В мозгу Казорина ещё не сошёл нагар от долгого разговора в кабинете первого секретаря окружкома партии. Вместо Гулина за секретарским столом сидел капитан Медведев, очкастый начальник райотдела ГБ, и ел его двояковыпуклыми глазами. В районе Медведев был знаменит своей беспощадной бдительностью. В позапрошлом тире́ прошлом 1941–1942 году он разоблачил две туземные контрреволюционные банды, сконцентрированные в двух стойбищах на Ямале – Салиндера Тявака и Яптика Сатока. Помог ему в этом Езанги Манс, нынешний председатель колхоза «Красный октябрь». Непонятно, правда, «банды» были бандами или нет, но в отчётах именовались так. Ходили слухи, Казорин знал, что тщедушный Езанги Манс сам пришёл в райотдел ГБ и пожаловался на Салиндера Тявака, забравшего за долги его оленей и чум.

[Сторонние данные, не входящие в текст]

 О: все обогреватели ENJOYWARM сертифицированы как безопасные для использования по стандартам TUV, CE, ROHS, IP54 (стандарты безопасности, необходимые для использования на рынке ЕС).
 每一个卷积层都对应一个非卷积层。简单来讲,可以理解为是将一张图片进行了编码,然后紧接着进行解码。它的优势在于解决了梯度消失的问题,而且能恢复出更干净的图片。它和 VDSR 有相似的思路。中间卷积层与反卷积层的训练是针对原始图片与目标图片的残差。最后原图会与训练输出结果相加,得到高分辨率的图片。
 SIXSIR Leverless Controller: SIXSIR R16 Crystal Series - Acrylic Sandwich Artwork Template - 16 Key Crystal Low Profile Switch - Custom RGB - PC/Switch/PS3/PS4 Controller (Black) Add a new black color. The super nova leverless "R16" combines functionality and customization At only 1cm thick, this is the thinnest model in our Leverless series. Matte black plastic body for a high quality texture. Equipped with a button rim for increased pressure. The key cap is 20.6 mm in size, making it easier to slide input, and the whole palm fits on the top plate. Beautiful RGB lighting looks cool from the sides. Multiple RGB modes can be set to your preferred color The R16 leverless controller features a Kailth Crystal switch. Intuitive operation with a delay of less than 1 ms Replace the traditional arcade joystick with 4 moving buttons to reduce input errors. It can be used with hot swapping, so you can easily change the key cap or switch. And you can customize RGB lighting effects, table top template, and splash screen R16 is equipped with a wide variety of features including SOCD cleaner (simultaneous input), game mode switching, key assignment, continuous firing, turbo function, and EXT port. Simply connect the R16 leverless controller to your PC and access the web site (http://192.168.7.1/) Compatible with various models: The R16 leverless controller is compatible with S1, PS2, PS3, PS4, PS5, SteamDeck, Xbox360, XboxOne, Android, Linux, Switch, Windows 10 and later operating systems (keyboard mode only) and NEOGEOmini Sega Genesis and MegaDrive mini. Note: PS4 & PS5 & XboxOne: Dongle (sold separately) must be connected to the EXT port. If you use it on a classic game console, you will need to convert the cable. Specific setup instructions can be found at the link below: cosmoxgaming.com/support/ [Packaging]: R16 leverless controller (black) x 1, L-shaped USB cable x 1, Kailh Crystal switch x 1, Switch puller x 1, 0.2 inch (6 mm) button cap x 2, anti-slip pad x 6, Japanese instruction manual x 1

То же, но годом позже, произошло с Яптиком Сатоком, Езанги у него числился в должниках. Езанги прирос оленями и должностью колхозного председателя, а Медведев из старшего лейтенанта за особые заслуги перед народом пророс в капитаны.

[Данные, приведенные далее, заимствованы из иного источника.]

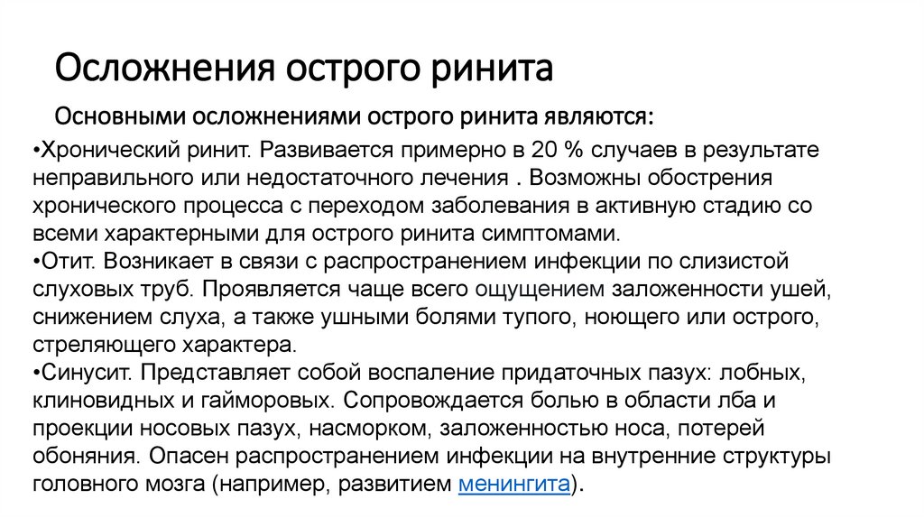 Осложнения острого ринитаОсновными осложнениями острого ринита являются:

«Это заговор, – говорил Медведев, блестя очками. – Так у них всегда начинается, с мелочей. Я на этих их мелочах печень собачью съел. Вы говорите „может быть, забыли отдать“, а я вам заявляю, что нет, не забыли они отдать. Они только с виду простодушные. Приглядишься к ним – хитрожопее не бывает. Вот пример. – Он привёл пример. Таких примеров Казорин слышал немало. На совещаниях по вопросам бдительности и в таких вот разговорах, как этот. – Я вам всего сейчас сказать не могу, оперативная ситуация не позволяет, но есть сведения, что в самое ближайшее время нужно ждать активизации повстанческих банд. Мандалада, это вы знаете, создана по заданию германских разведывательных органов для руководства туземным повстанческим населением. Есть сведения, – очкастый майор прищурился, как близорукий щурёнок из щучьей школы в Щучьереченской тундре, – что в районе Обской губы действует фашистская подводная лодка. А возможно, и не одна. Понимаете, чем это опасно?» – «Понимаю», – кивал Казорин. «А толку, что понимаете? Понимать мало, действовать надо».
Словно прочитав его мысли, в дверь толкнулся одноногий Калягин.

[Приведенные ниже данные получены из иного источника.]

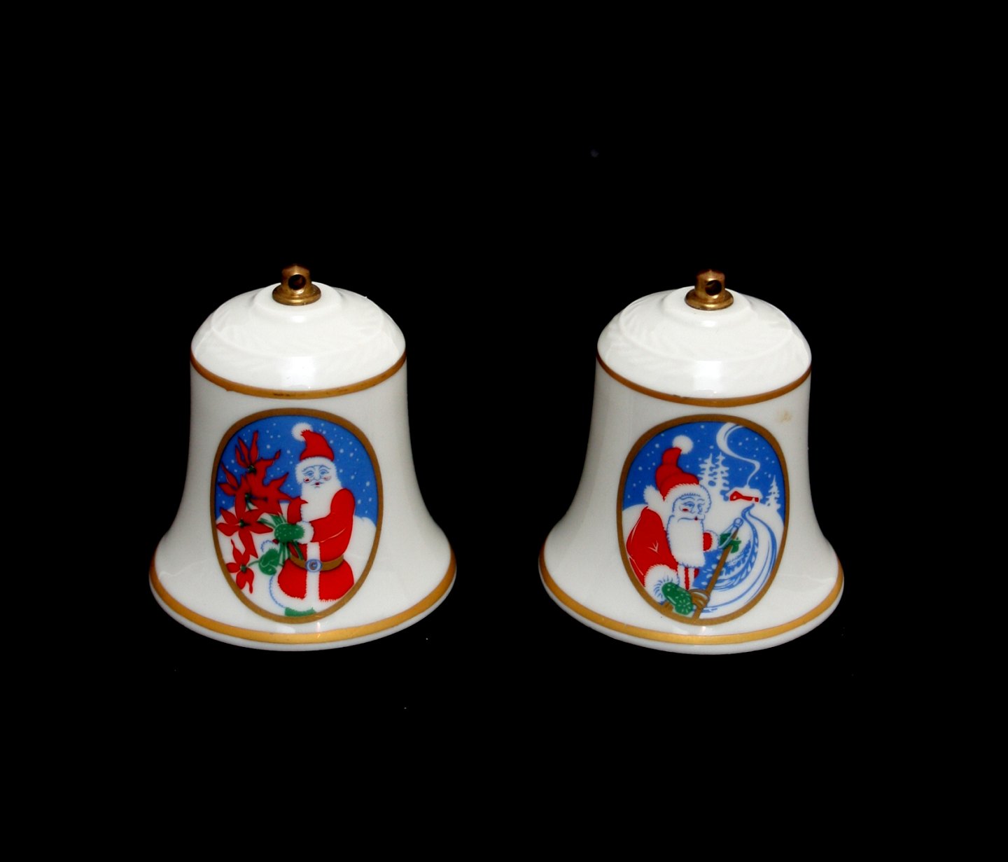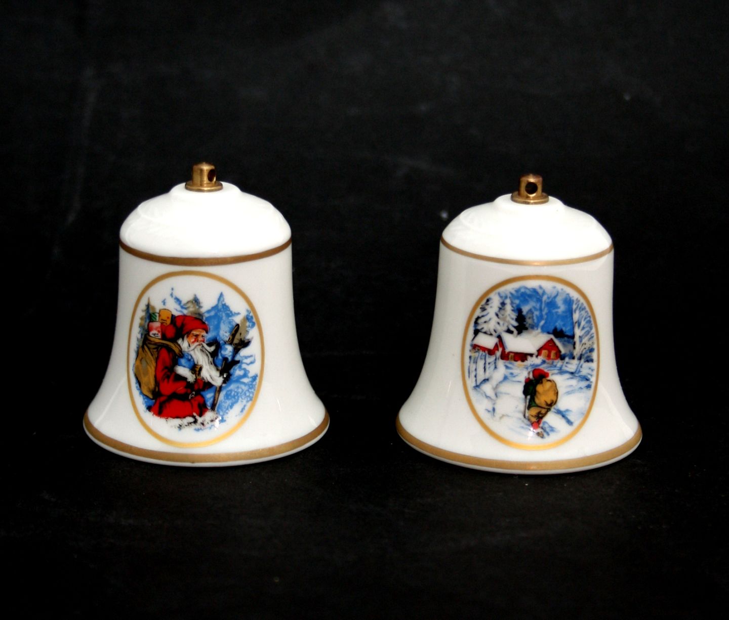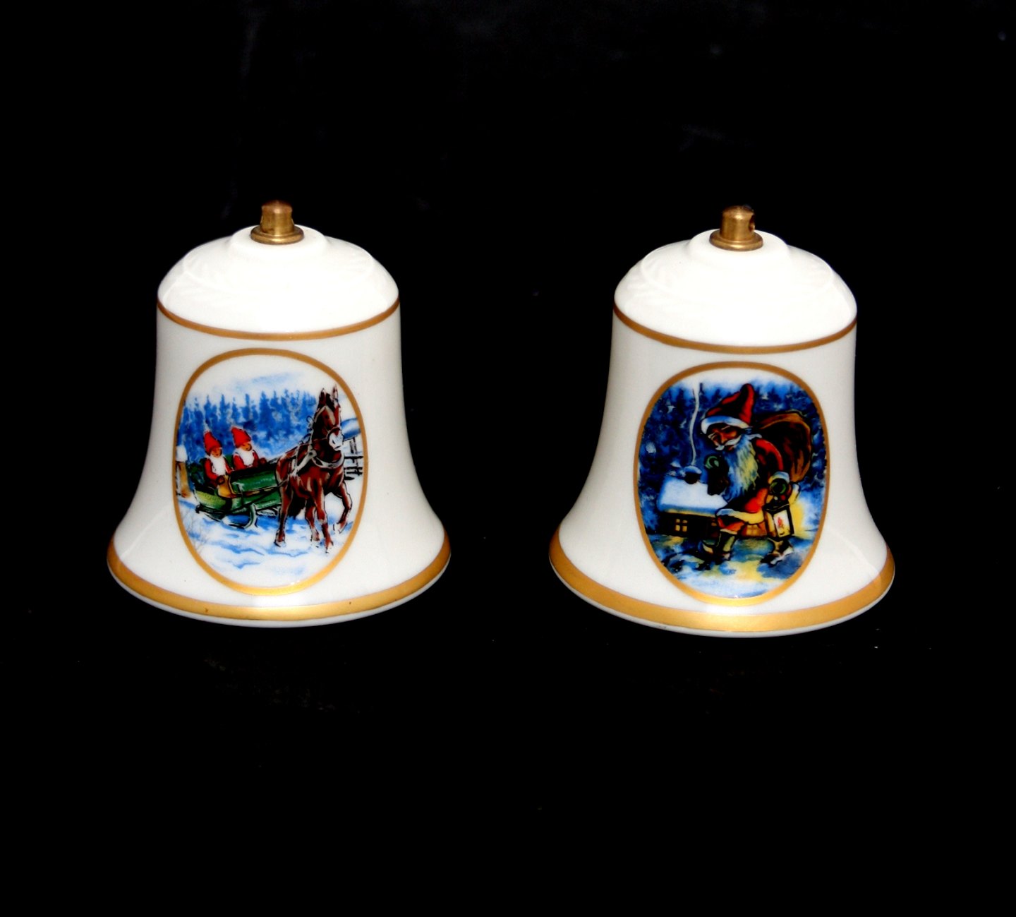 Rørstrand, Juleklokker med 2 klokker i originalæske. Porcelæn med messing ophæng og klokke. Pris: 175 kr. pr. sæt.

– Илья Николаевич! – Калягин вытер ладонью пот с горящего лба.
Сердце у Казорина ухнуло в провал преисподней.
– Что ещё? – спросил он голосом приговорённого к высшей мере.
– Нашлись костюмы, зря мы на туземцев грешили.
– Как нашлись? Какие костюмы? – Ему трудно было переключиться с мысленного разговора на внешний.
– Ну те самые, которые считались украденными. Это наш мухомор убрал их в свой балаган, когда туземцы после праздника уезжали. А сегодня он в музейном наряде ходил по городу. Он, вообще-то, того, с приветом. Говорит, что забыл отдать. Возможно, не врёт.
– «Возможно, не врёт»… Вот жалеешь таких калеченых, а они тебя же под монастырь. Он что, ненец, если костюм напялил?
– Якут вроде. А костюм надел, так ведь это… свой-то, может, поизносился.
– Ладно, пусть следствие разбирается. Степан Дмитриевич, я пришлю людей вам помочь. Мусор вынести, ну и… собраться.
– Нет, не надо, я уж сам как-нибудь. Виктор Львович мне, вон, поможет. Виктор Львович, поможете?